So many spiritual teachers preach it, so many therapists insist on it, so many books are written about the importance of it: Forgiveness.
“You finally have to forgive or your wounds will never heal.”
“If you cannot forgive him, your heart will always stay frozen.”
“They gave their best; you shouldn’t be so unforgiving. Finally leave your past behind.”
“The first step in your healing process is forgiveness; otherwise, you create new, bad karma.”
“Meditate, focus your mind, think positive, and don’t take your feelings so seriously; then, you will be able to forgive and free yourself.”
“Without forgiveness, you will stay stuck forever, and your fury will poison you from within.”
Such messages put so many people under unhealthy pressure.
Because there is nothing more destructive in a healing process than a forced, false and too early sense of forgiveness.
Someone who has truly and authentically forgiven doesn't preach about the importance of forgiveness, knowing that if it isn't a natural process based on your true feelings, it's crap.

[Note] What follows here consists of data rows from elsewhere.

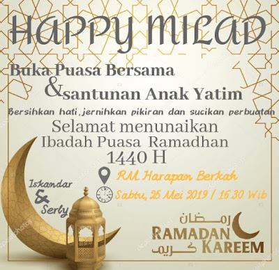 Diberitahukan kepada saudara/i adik adik ikut menghadiri acara buka bersama dan santunan yang akan dilaksanakan oada hari sabtu tanggal 25 Mei 2019 pada pukul 16.30 bertempat di RM Harapan Berkah samping Wisma Selvira jalan Telaga Biru kec. Tembilahan Hulu Pakaian menyesuaikan.(ds)
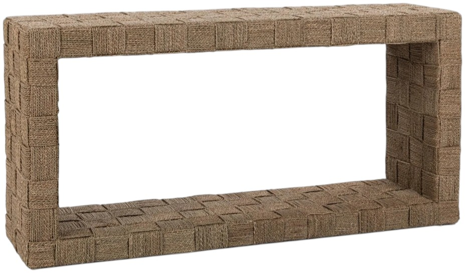 This basket-weave console table is perfect for entryways, living rooms, or dining spaces, an artful blend of natural materials and modern design.
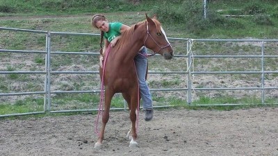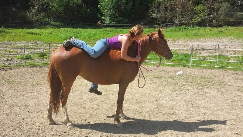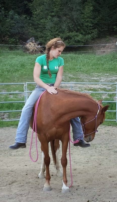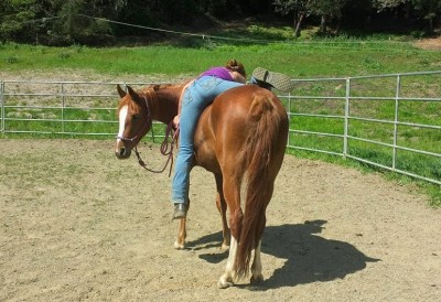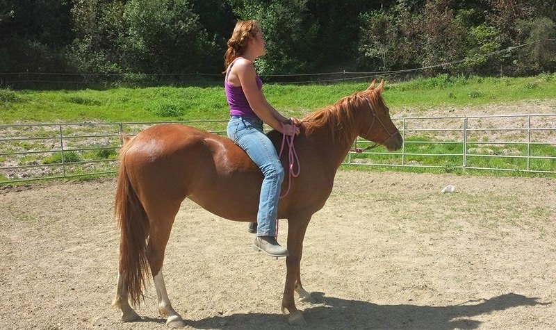 Anyhow, day 2 started with some ear handling, visited the long rope all over the body and head area, revisited bareback mounting from the ground, and finally worked back to the dreaded ear.
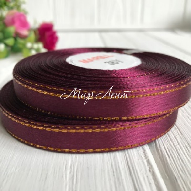 Атлас 0,9 см люрекс золото, вишневый, рулон 33 м
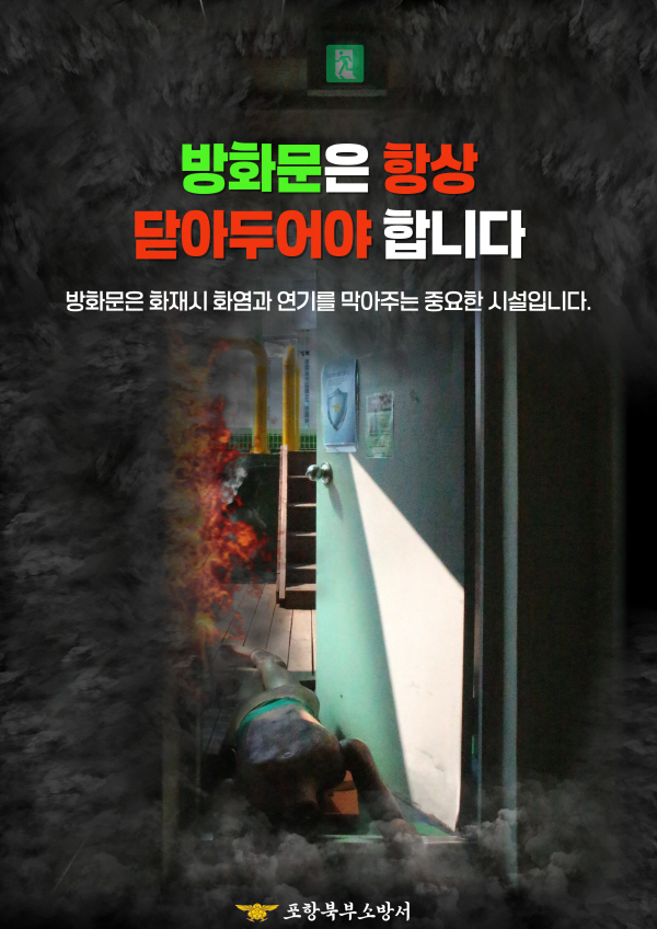 포항북부소방서는 최근 화재 발생 시 인명피해 최소화를 위해 공동주택 입주민과 관리자를 대상으로 방화문 닫기를 적극 실천해 줄 것을 강조하고 있다. (사진 = 포항북부소방서)
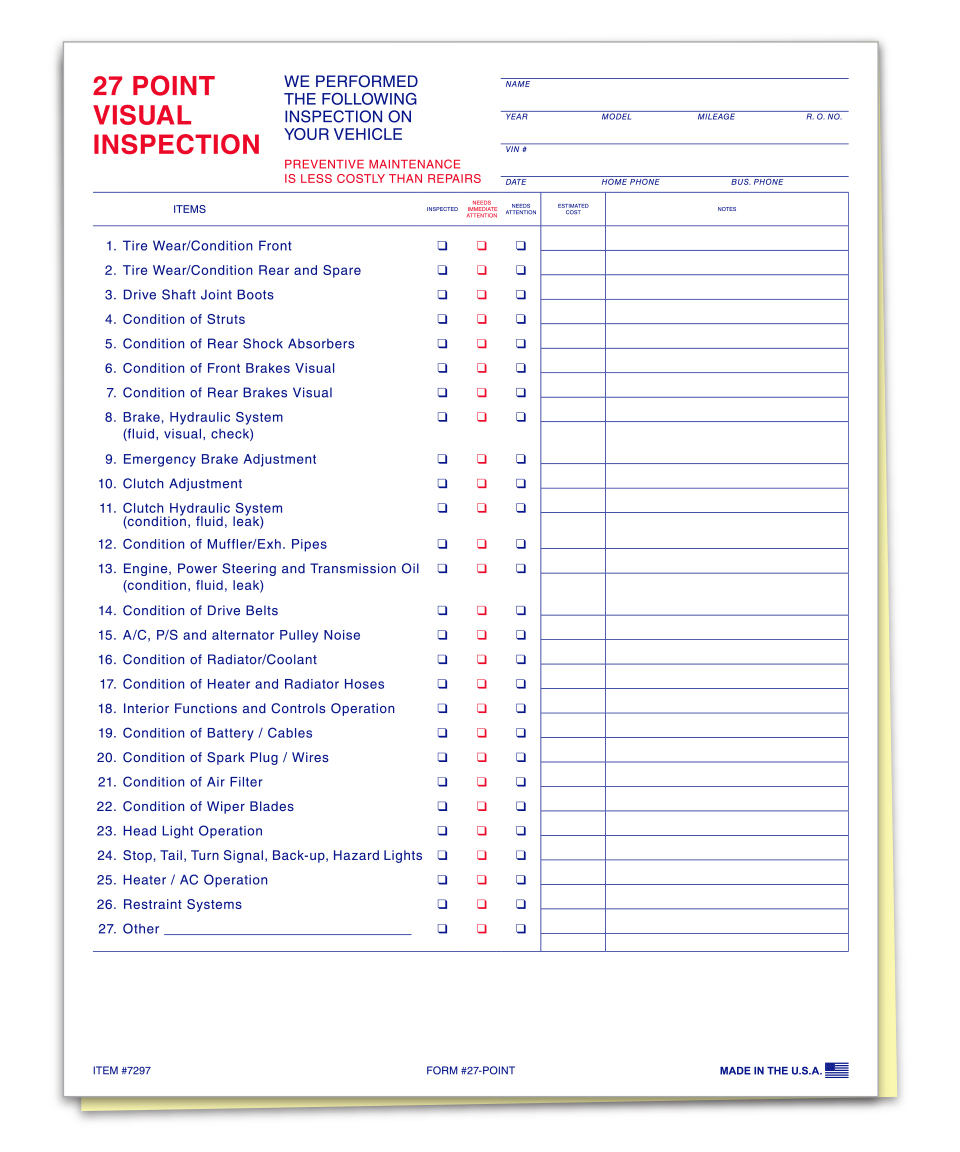 Use this 27 Point Inspection for customer satisfaction and additional repairs.
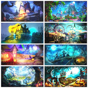 Halloween Full Square Drill Diamond Painting | DIY Holiday Rhinestone Kit | Spooky Scary Haunted House Collection
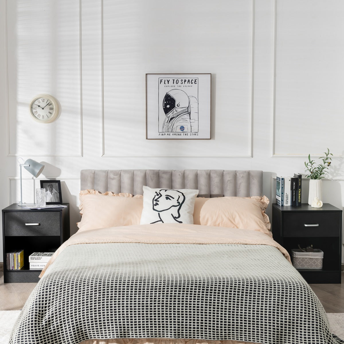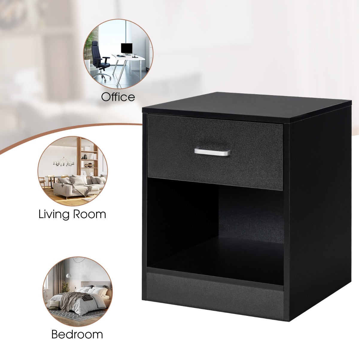 NNECW 2-tier Wooden Bedside Table with Storage Drawer and Cabinet for Bedroom/Living Room/Office-Black-2 pieces
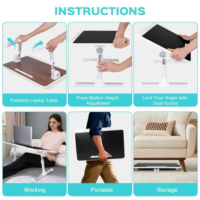 Laptop Desk for Bed, Adjustable Laptop Table, Foldable and Portable Bed Tray Table for Sofa Office Floor, Large Size
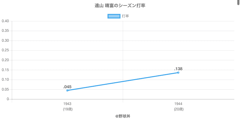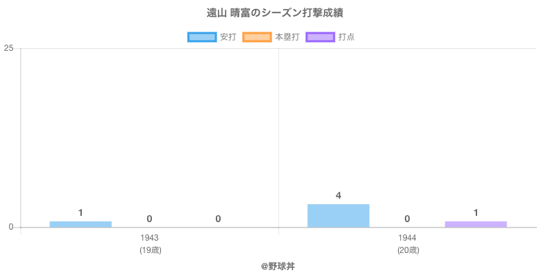 遠山 晴富は1943年から1944年にかけて活躍した元阪急所属のプロ野球選手です。 投打は右投右打で、守備位置は主にができ、日本球界初出場は1943年で当時19歳でした。 同年代には浅井(元毎日)河(元阪神)がいます。 過去には1944年阪急で全15試合出場ヒット4本や1943年阪急で全10試合出場ヒット1本という結果を残しています。

Forgiveness is one of the last possible steps on this journey and not the first.
The first step is the unconditional acceptance of ALL feelings.
Learning to listen to your body again, trusting your own perception, starting to finally love yourself.
And: to forgive YOURSELF.
Before the sadness, the anger, and the disappointment of your inner child isn’t allowed and really felt from yourself, there can be no real forgiveness. It is simply not possible.
False forgiveness is only a concept of the mind; it doesn’t help anyone - neither the victim nor the perpetrator.
It’s a lie, an illusion.
A frozen and restricted heart full of repressed emotions isn’t able to really forgive.
A freed and healed heart automatically feels the longing to forgive one day on the level of the soul. It wants to spread the compassion you have developed for yourself out into the world.
But true forgiveness has nothing to do with trivializing, taking away the responsibility and forgetting the things that happened. The memories will, maybe, stay forever, though not as intense and painful, but as a wound that has scarred.
True forgiveness is more a release, an allowing of a higher divine perspective, a compassionate handing over of the darkness to the light so that it can be transformed.
If you think you will never be able to truly forgive, please don’t worry. You are absolutely okay and absolutely loved. Be gentle with yourself.
You don’t HAVE to forgive.
Just be honest with yourself.
What do you really feel in your heart?
Your truth wants to be embraced.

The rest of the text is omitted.